Ellen Urbani Hiltebrand
(Permanent Press)
A twenty-two year old southern sorority girl with Laura Ashley dresses and long painted nails who should be shopping at Saks joins the Peace Corps in 1992 and ends up in Guatemala. They said she would never make it.

Not only did she make it, but she's a damn good writer. Her story includes the lives, loves, laughter and tears of seven local woman. I lived, loved, laughed and cried with each of them. She did something I never had the nerve to do, and took me with her. Good for you, Elena.

--- J. A. Shannon


Human Traces
Sebastian Faulks
(Random House)
I've always been interested in psychiatry perhaps because I and many of my friends have, at one time or another, consulted a psychiatrist. I've even dated quite a few of them --- they're all nuts.

I'm also partial to lunatic asylums.
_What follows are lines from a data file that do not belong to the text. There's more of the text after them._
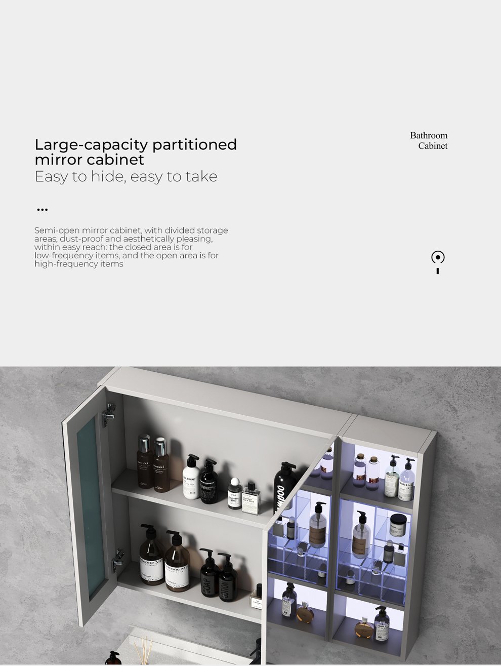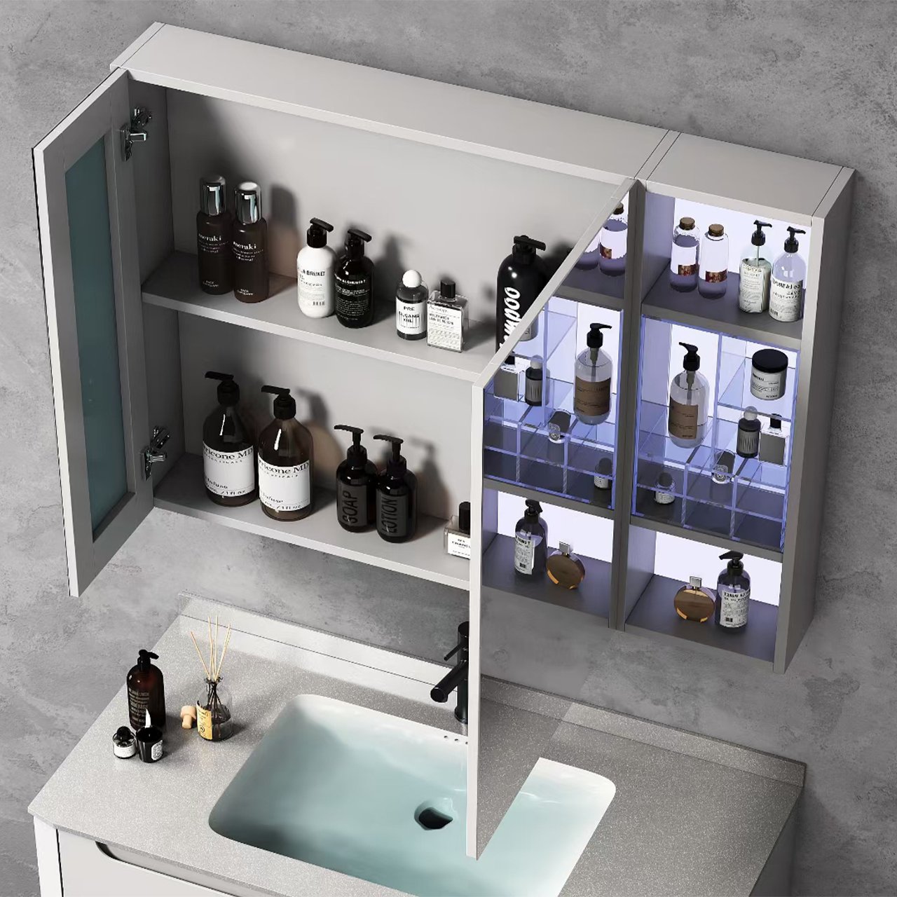 Mirror cabinet: layered glowing board + fully enclosed backboard, inductive glass layer board light + tissue box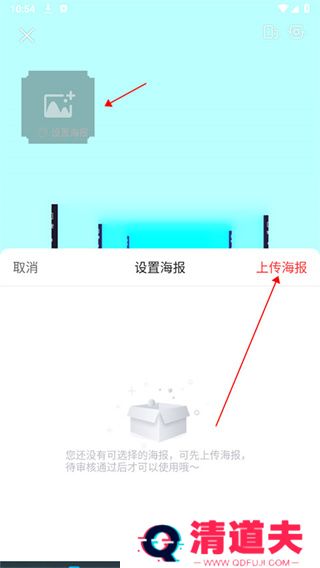 2、进入后点击左上角设置海报,接着点击上传海报;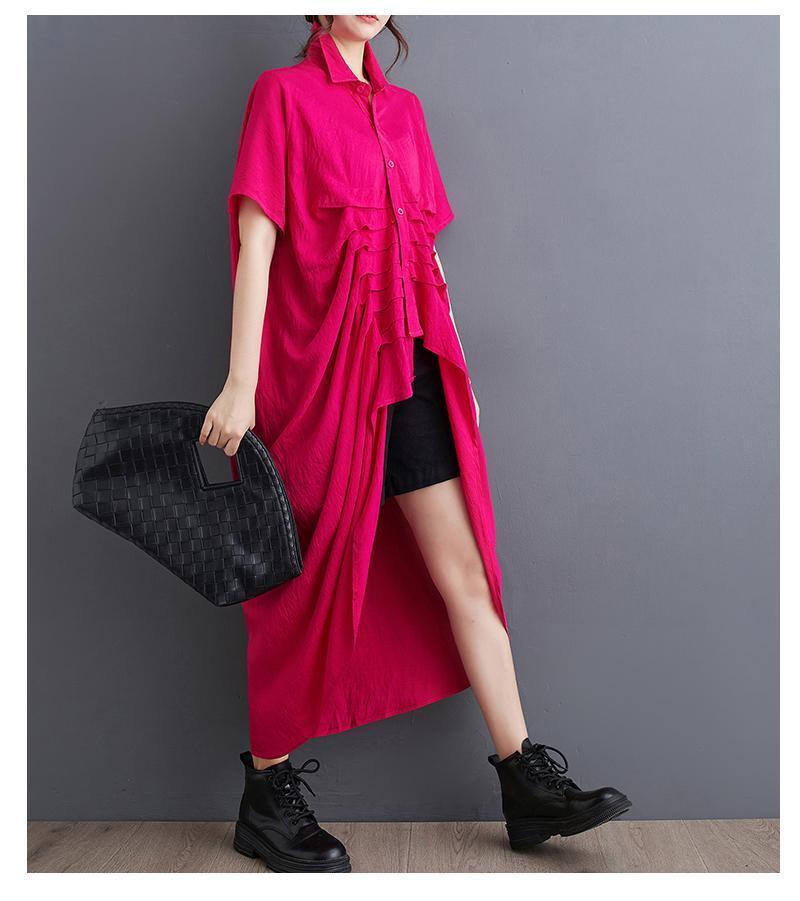 イレギュラー トップス 大きいサイズ レディース 変形 春夏 新品 半袖 レッド
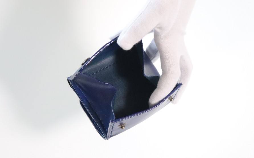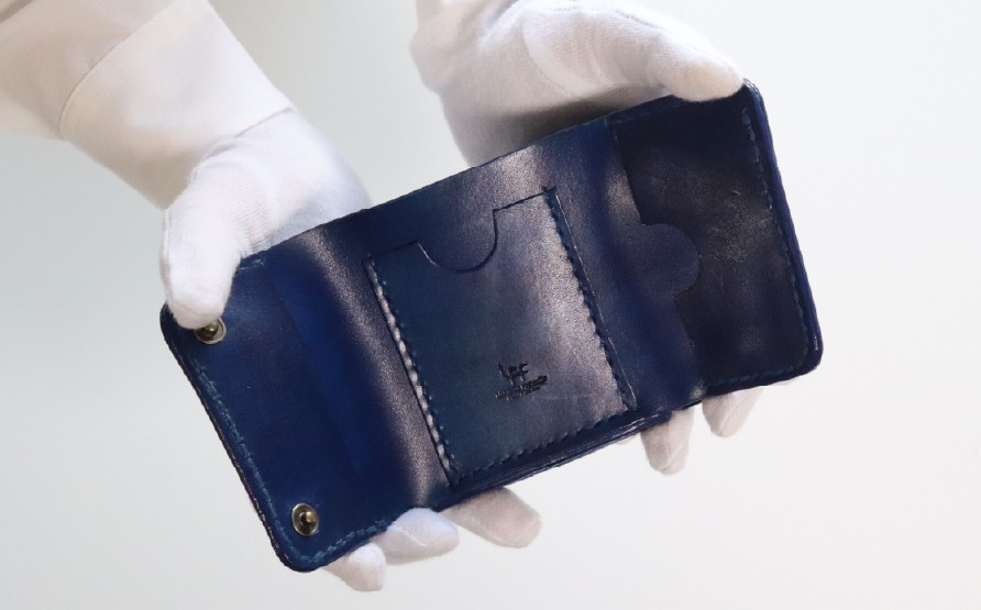 コンパクト財布(バスケット柄カービング・青系)| 牛ヌメ革 財布 ウォレット 本革 レザー 革 革製品 革小物 コンパクト 経年変化 一点物 一生もの ハンドメイド クラフト 高級 本格 ギフト プレゼント おすすめ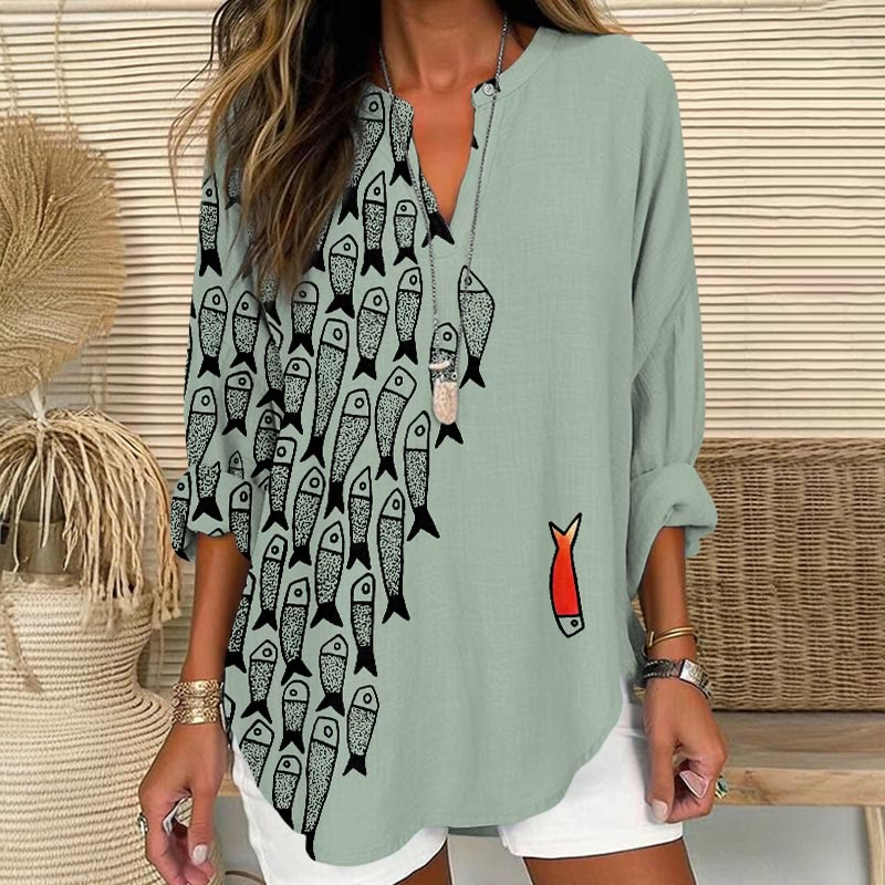Dashingsoul Cute Simple Lines Abstract Geometric Fish Art Print V Neck Long Sleeve Blouse
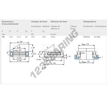 El Rodamiento Axial De Bollas, conocido como 53316-SKF SKF, tiene un diámetro interior de 80 mm, un diámetro exterior de 140 mm y un espesor de 52 mm.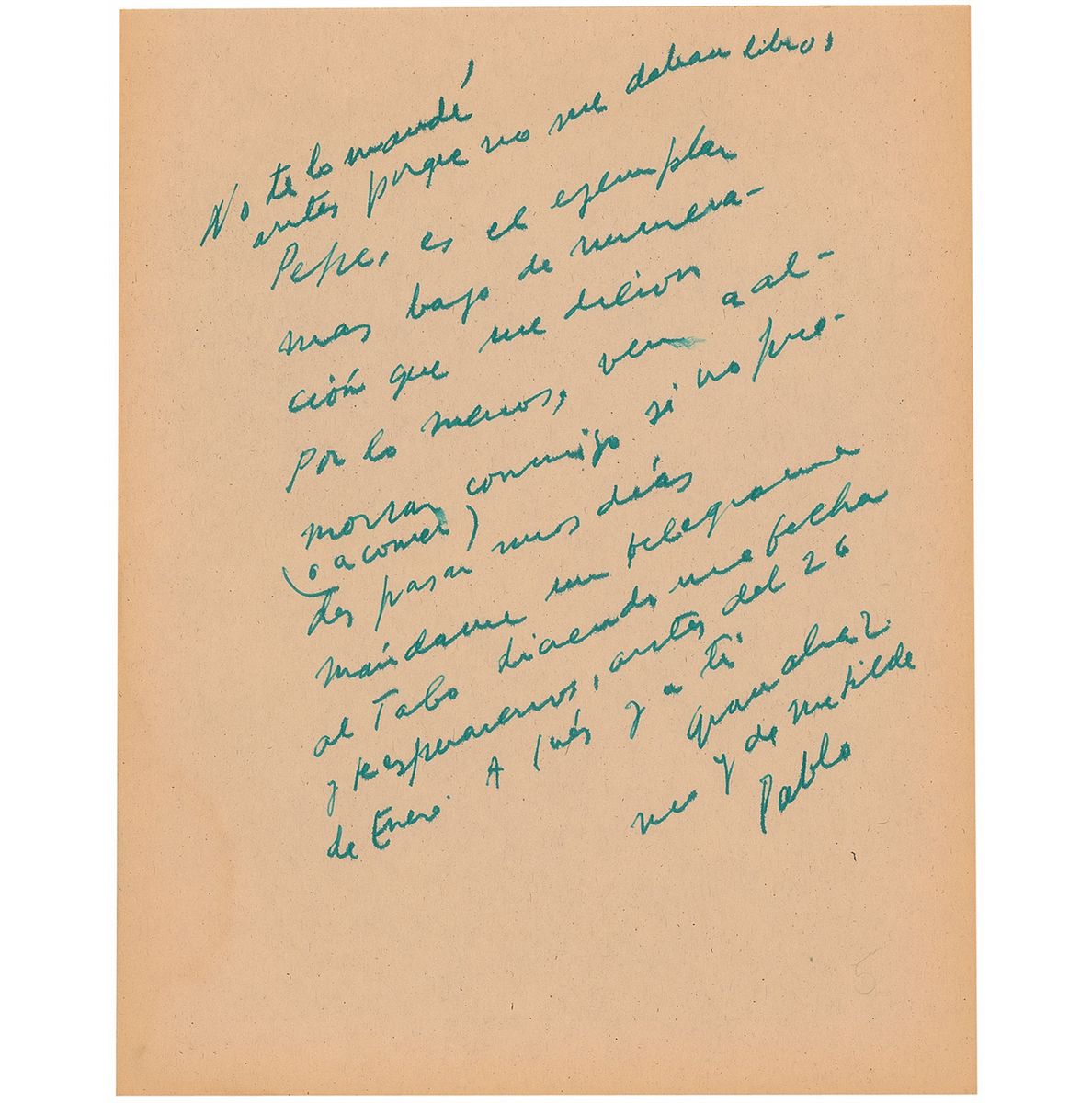 Esteemed Chilean writer and politician (1904–1973) who won the 1971 Nobel Prize in Literature, best known for his intense poems of love. ALS in Spanish, signed “Pablo,” one page, 7.5 x 9.75, no date. In part (translated): “I did not send you before because they have not given me books…If you can’t pass more days send me a telegram…telling me the date and we will wait.” In fine condition, with uniform toning. Accompanied by an unsigned photo of Neruda. As in this letter, he often wrote in green ink, which was his personal symbol for desire and hope.
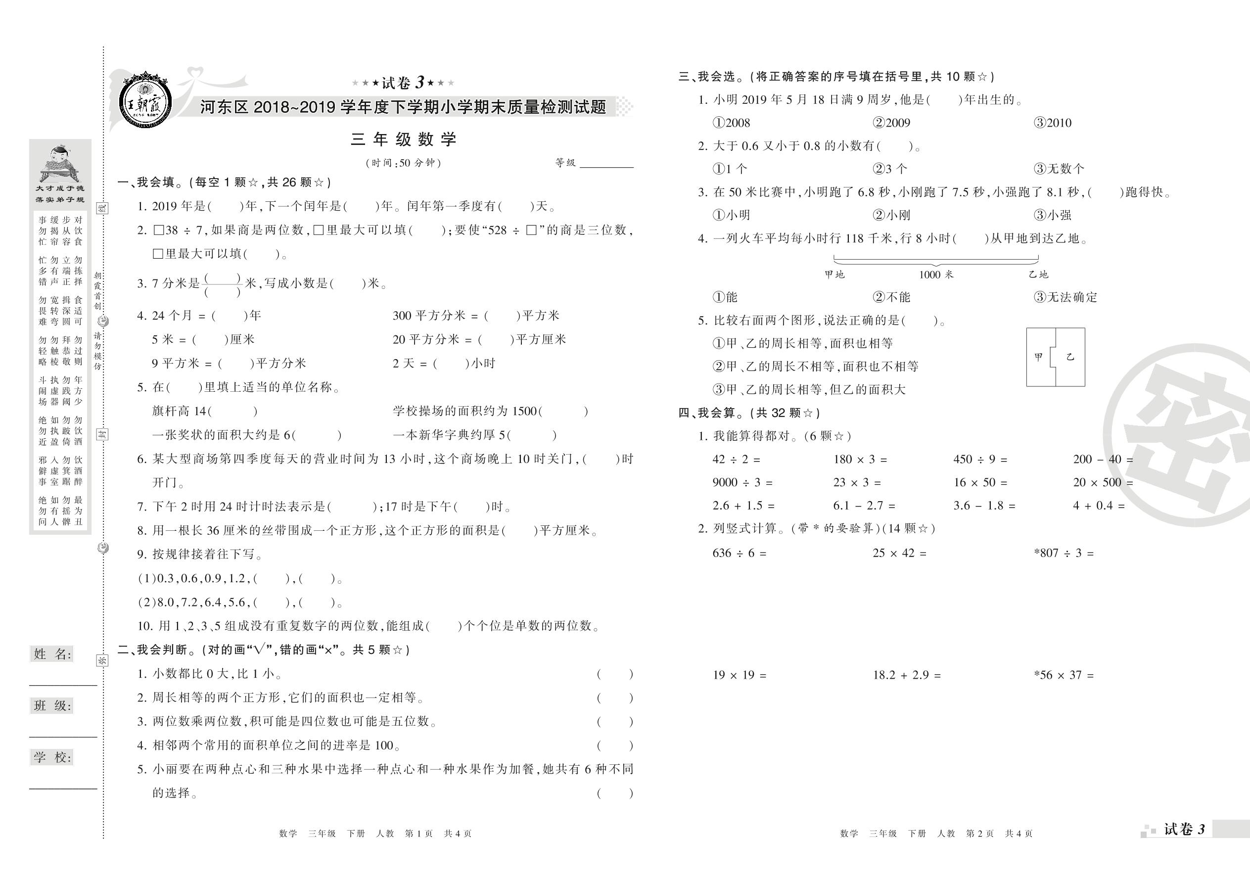 2018-2019学年第二学期临沂市河东区三年级数学试卷(人教版)【3】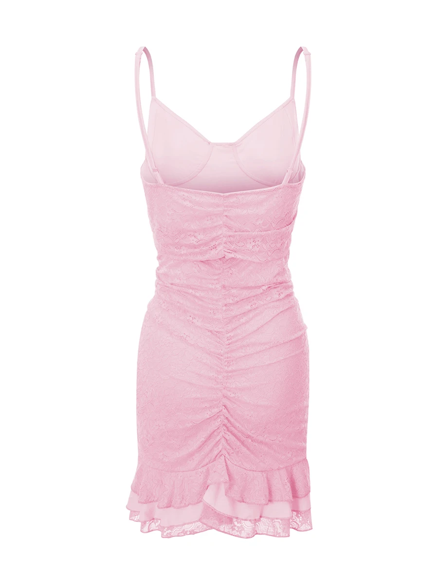 Women Lace White Dress Spaghetti Strap Corset Bodycon Layered Ruffle Mini Dress Summer Sexy Elegant Party Evening Dresses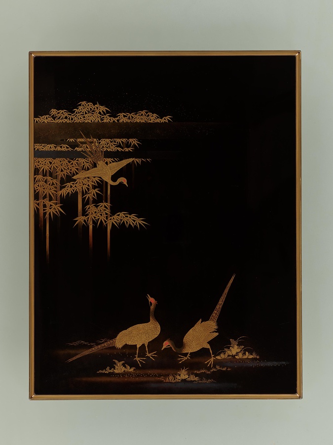 蓋の裏側に銘があり、印籠蒔絵師として有名な塩見政誠【しおみまさなり】の作であることが分かる。箱の外側には研出【とぎだし】蒔絵により、竹林に雉子の図柄が精緻に表わされている。細かく描かれた雉子の羽や竹の葉の表現には、研出蒔絵の名手であったという塩見政誠の技量を看て取ることができる。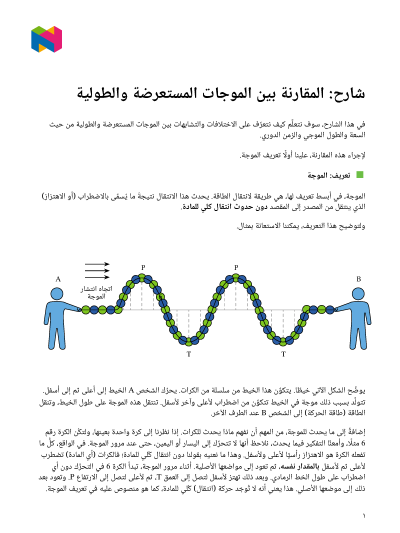 في هذا الدرس، سوف نتعلَّم كيف نتعرَّف على الاختلافات والتشابهات بين الموجات المُستعرضة والطولية من حيث السعة والطول الموجي والزمن الدَّوْري.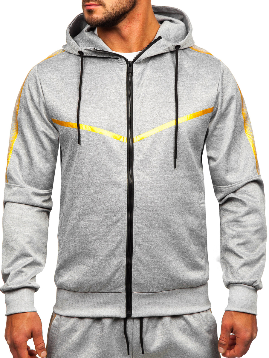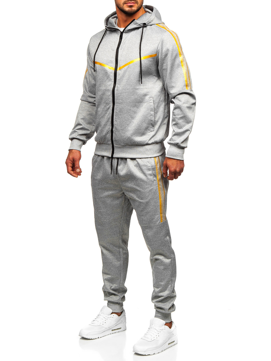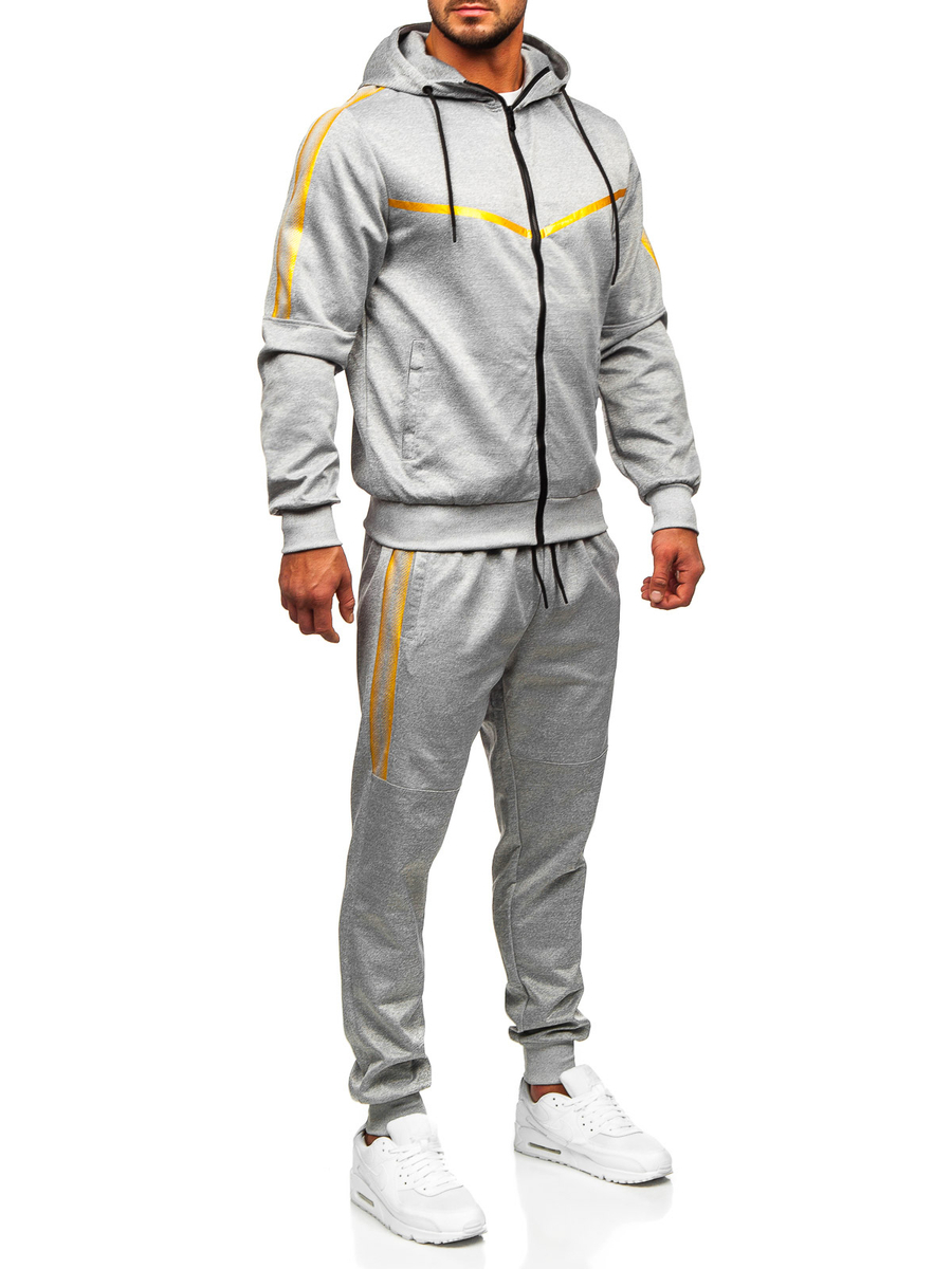 La tuta sportiva con cappuccio grigia da uomo Bolf 27C8117 è perfetta per tutti coloro che amano il comfort e lo sport! Il set comprende una felpa e pantaloni della tuta. La felpa ha un cappuccio regolabile, un colletto rialzato e due tasche esterne. I pantaloni sono regolabili in vita con un robusto guardolo e coulisse, e due tasche sui lati. Un taglio semplice e aderente conferisce loro un aspetto sportivo. Una stampa alla moda, che ritroviamo sia sulla felpa che sui pantaloni, ti darà carattere e ti farà risaltare in palestra! Questo modello è realizzzato in tessuto delicato e piacevole al tatto. Sia la felpa che i pantaloni possono essere abbinati ad altri capi di abbigliamento, ottenendo così tante possibilità per creare styling di tutti i giorni. Il set si adatterà perfettamente con una t-shirt e gilet.

I had a friend who was sent to one at age 16 when she became pregnant, her parents made her get an abortion, she went nuts and they placed her in the looney-bin. She was a gifted pianist and artist and told me that at the looney-bin they had a baby grand piano that they let her play any time she wanted to and taught her basket-weaving which she loved. When her parents decided that she wasn't looney after all and tried to spring her, she wanted to stay. Also, The Snake Pit was one of my all-time favorite movies.

All that aside, I found this book a little too technical. In the late nineteenth century two aspiring alienists (psychiatrists) try to understand how the mind works. Pages and pages of technical information that even the doctors of that time didn't understand so what chance have I? Luckily I'm proficient at speed reading (in other words, skipping the parts I don't like) and I did enjoy the personal, non-technical part of the story.